Now, let me say that I agree with what you're trying to accomplish, and that
your comments/thoughts have some merit, but as they stand they seem poorly
thought through and unimplementable in practice. I'd really like to see you
have something more concrete and practical to suggest that solve the problem
you think you've seen.

I manage a company with around 30 employees - not real big, but the sort of
shop where your ideas might be relevant, especially to implement them before
we get any bigger and change is harder. However:

* Which technology is the most popular among our folks?

We let them use whatever technology they want, provided they can then justify
their decision. We empower our people to make decisions and stand by them.

* What kind of clients are liked by our folks?

We don't have a choice as to our clients. We have multi-million dollar
contracts in a fairly small market.

* What kind of work do our people prefer?
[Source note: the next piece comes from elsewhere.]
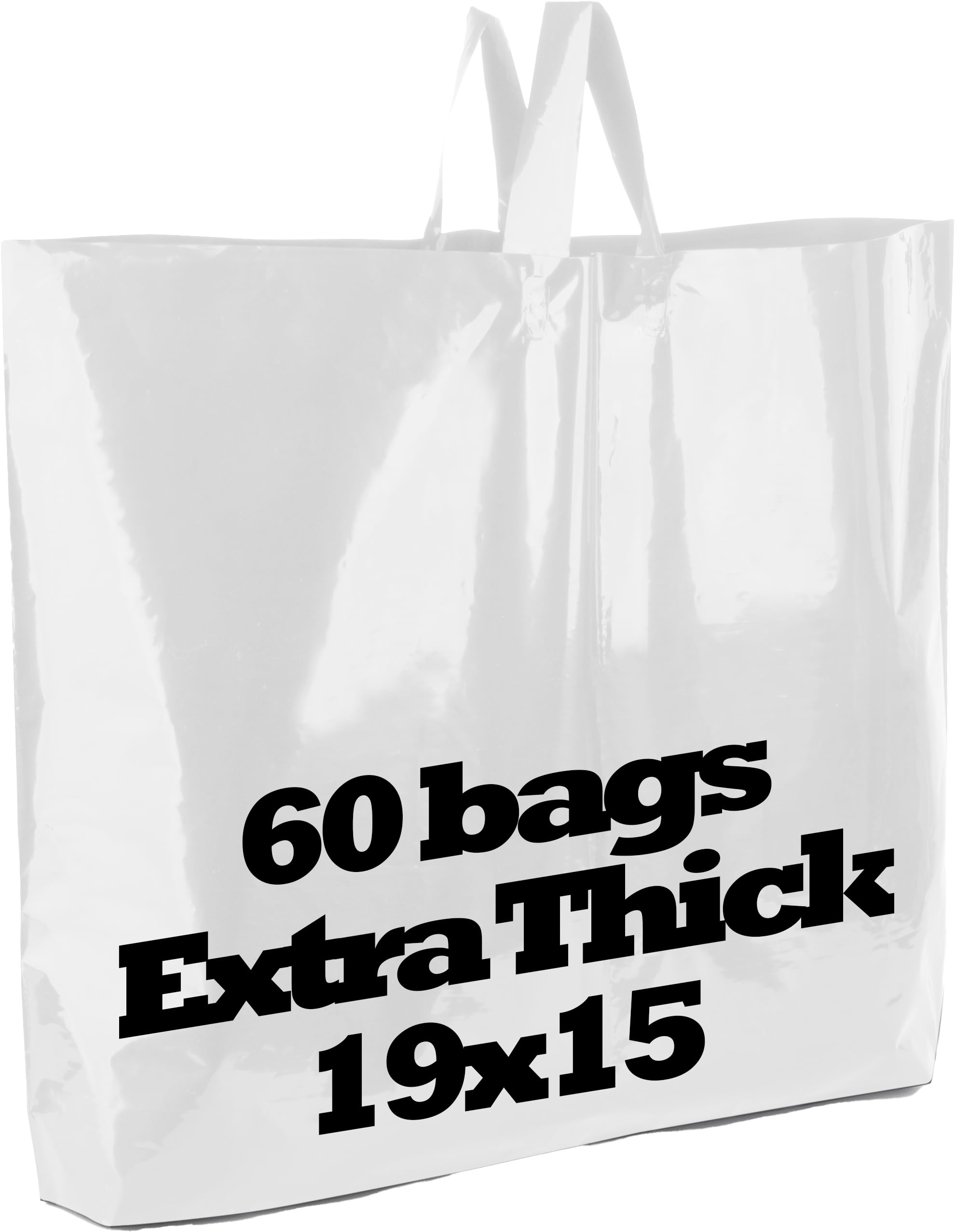Camtoms 19x15 Large Plastic Shopping Bags with Handles - 3 Mil Thick Heavy Duty White Merchandise Bags for Small Business, Boutique & Retail - Glossy

I don't understand how that kind of question can be made relevant. Our
database people work on database stuff, our embedded people work on the
embedded stuff, our user experience people work on user experience stuff, and
everyone talks to everyone else, because all of the software modules talk to
all the other software modules. If a database programmer wants to work more on
the embedded side then he studies up on his own, asks for some tasks, gets
given some tasks under supervision, then his skill set is bigger and the task
allocations can be more favorable to him.

In short, it sounds like you're sounding off without really thinking about how
things really work. I'd like to see a better, more thought through
presentation.

Finally, it might sound like I'm attacking you, or picking on you, but I am
genuinely interested in any ideas on how better to manage. I'd hoped there was
something interesting in your article, I feel like there's a hint of something
interesting in your article, but then it all went away and feel like I was
left with nothing.

If there's more, write it better.